The Community Quilt, which will be won in a raffle at 4 p.m. on Sunday of Strawberry Festival. Standing in front of the quilt are Catholine Tribble, on the left in the quilted vest, and Annie Miksch, on the right. Annie is also a gifted quilter, but none of her stuff was on display because she gives it all away. If you know Annie, you know that makes perfect sense. Annie does not do good; Annie does EXCELLENT. It's just who she is.
Next, a detail of the quilt that had the gingko-leaf shaped quilting. If you look closely you can see it.
Then, a close up of a square from the crazy frog quilt. I'm not sure why frogs would be wearing clothes or be flying through the air with the clothes flying off, but there it is. The person who made it said she had the fabric for a long time before the design came together for her. I apologize for not getting her name. I apologize for not getting anyone's name – mea culpa. I was so dazzled by the quilts I did not note the names of the quilters. Sigh. I'll make a note of that for two years from now.
Finally, the photo I attached to yesterday's email alerting people to the new blog posting, the one with my friend Becky, my unrelated twin, down in the lower left hand corner.
In other news, it is raining steadily here today. It varies from light steady to torrential, but it's all rain, all the time. At the moment it is torrential.
Rick went to work for a few hours this morning, then came home and went to bed, which is where he is now.
Woke up to a note from our son JD in the tabletop diary:
May 5, '09
WOKE UP AROUND 1 AND JIVE WAS KNOCKING ON THE BACK DOOR, COMPLETELY DRENCHED AND THE COFFEE POT WAS ON ALL NIGHT. NOT COMPLAINING, JUST SOMETHING TO BE MORE AWARE OF FOR EVERYONE'S SAFETY, INCLUDING THE DOG.
Rick and I took notice. Rick said, “Well, he was the safety officer at his last job.” I said, “It's amazing to me that the kid who gave us the most grief is now the one who tells us how to behave.” My friend Becky told me for years that JD would end up being a bank president, or something like that. At this point I really see what she was talking about.
The dog – well, he always wants to go out when I get up to go to bed, and he did that last night, and when I went to the door to whistle him in a few minutes later, he didn't come. As Rick says, you don't feel like standing there whistling, clapping, and calling for 15 minutes in the pouring rain in the middle of the night. I thought, oh well, I'm going to bed, I'll hear him when he scratches on the door. Instead I went to sleep and did not hear him.

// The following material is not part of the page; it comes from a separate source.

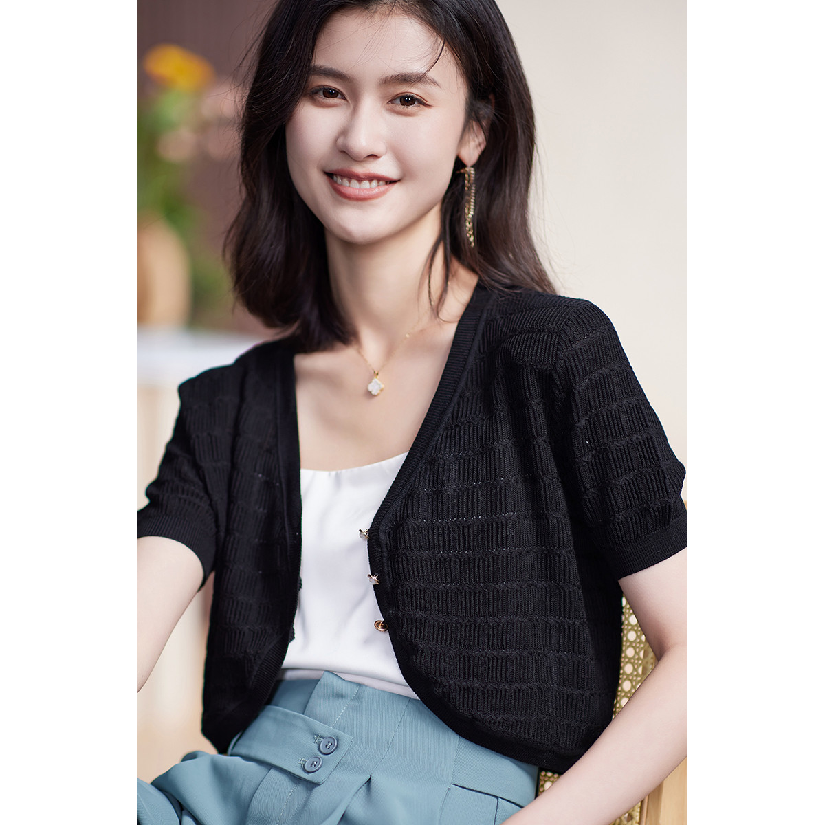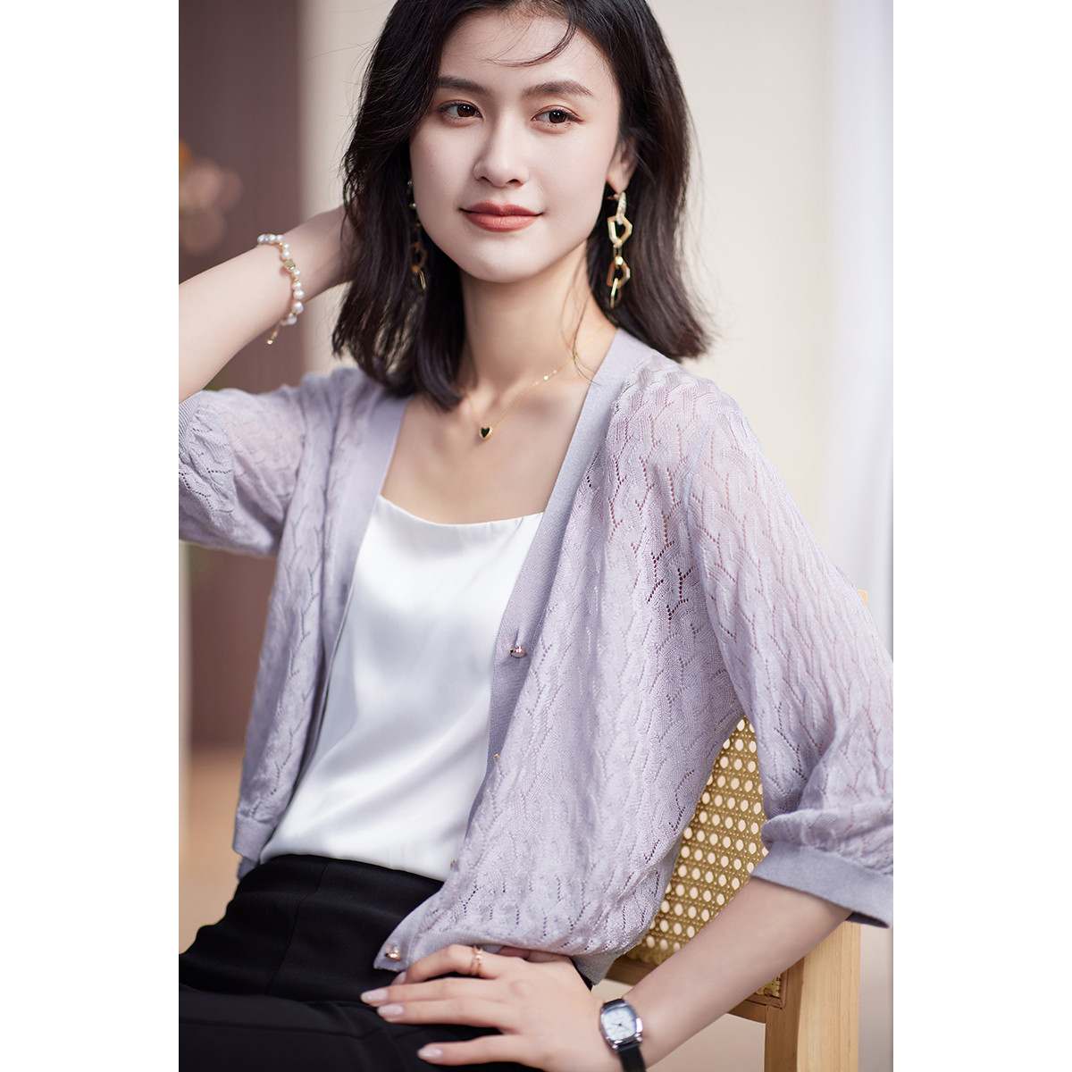 【含桑蚕丝含莱赛尔】夏季薄款披肩外搭提花镂空空调衫外套女夏 562079

It was nasty out there last night. I could tell because there is a dog a few houses up the hill who starts barking every time I whistle for our dog, or call him, or toss a ball, or walk out the back door, or sneeze. I whistled and called for quite a while and all was silence. So even the neighborhood sentry couldn't be bothered to come out and do his stuff. I can't imagine where Jive was that he didn't come into the nice warm dry house. And he ain't talking.
I am re-reading a good book: The Daughter of Time, by Josephine Tey. It was originally published in 1951, the year before Tey died at the age of 55 or 56 – her birth year is listed as “1896 or 97.” If you have read her books you understand why her readers mourn her early passing and the loss of her potential for writing more books. Here is a list of her published novels: Brat Farrar; The Daughter of Time; The Franchise Affair; The Man in the Queue; Miss Pym Disposes; A Shilling for Candles; The Singing Sands; To Love and Be Wise.
They are considered mysteries, but more than mysteries. I am not sure if I've read them all; I'm thinking as I start this one again that maybe I'll just read all of Josephine Tey again. I will not betray here a word of plot; I merely invite you to read, or re-read, Josephine Tey, and if she strikes your fancy, you are in for some good reading.